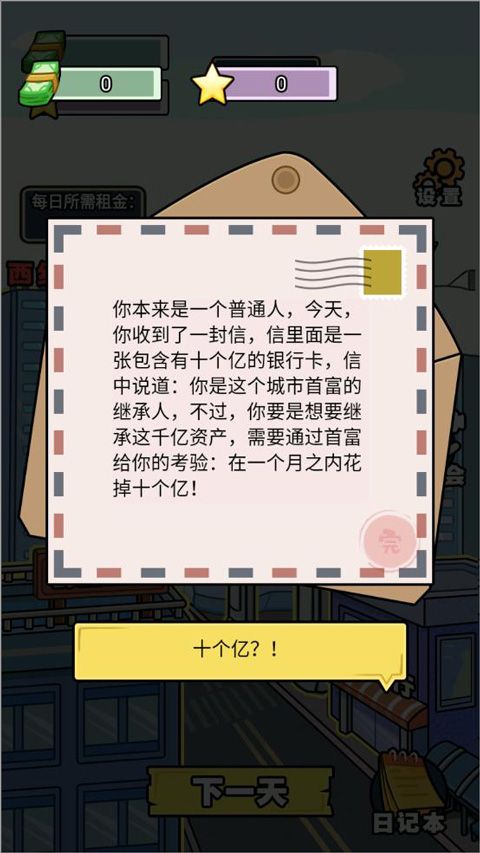 1、玩家打開億個小目標(biāo)游戲,了解游戲背景,玩家在游戲中需要在一個月內(nèi)花掉十個億;
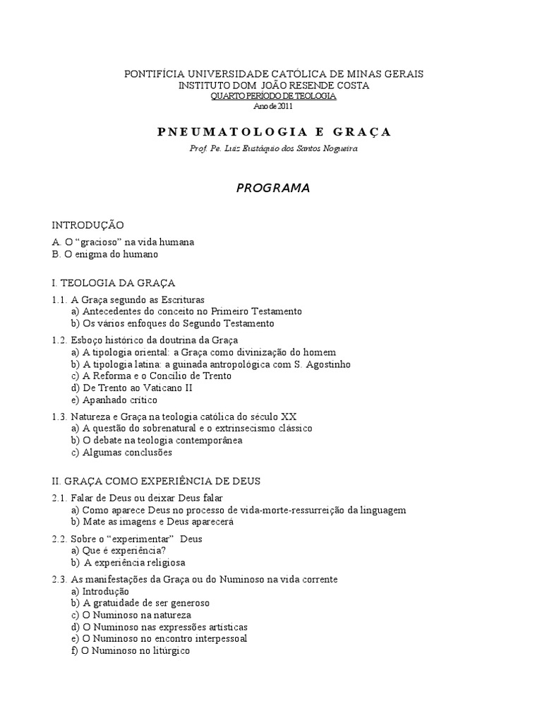 PNEUMATOLOGIA E GRAÇA
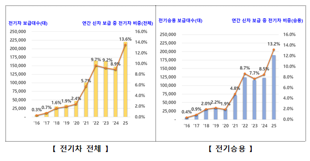 국내 전기차 시장은 2023~2024년 수요정체(캐즘) 시기를 지나 2025년 국내 연간 최고 보급대수(약 22만대)를 달성하는 등 보급이 확대되는 추세다. 이는 그간 다양한 전기차 제품군을 구축한 기업의 노력과 정부의 적극적인 정책 및 재정적 지원에 힘입은 것으로 판단된다.
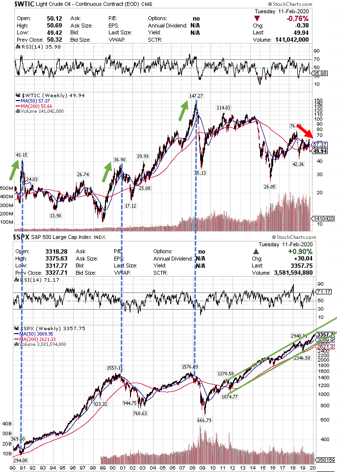 【原油先物価格とS&P500種指数の推移:1990-2020】

◆ ◆ ◆ ◆

# WHAT TO PRODUCE
Copy all of the data word for word, and keep the pictures out of it.

# RESULT BELOW
 1、玩家打開億個小目標(biāo)游戲,了解游戲背景,玩家在游戲中需要在一個月內(nèi)花掉十個億;
 PNEUMATOLOGIA E GRAÇA
 국내 전기차 시장은 2023~2024년 수요정체(캐즘) 시기를 지나 2025년 국내 연간 최고 보급대수(약 22만대)를 달성하는 등 보급이 확대되는 추세다. 이는 그간 다양한 전기차 제품군을 구축한 기업의 노력과 정부의 적극적인 정책 및 재정적 지원에 힘입은 것으로 판단된다.
 【原油先物価格とS&P500種指数の推移:1990-2020】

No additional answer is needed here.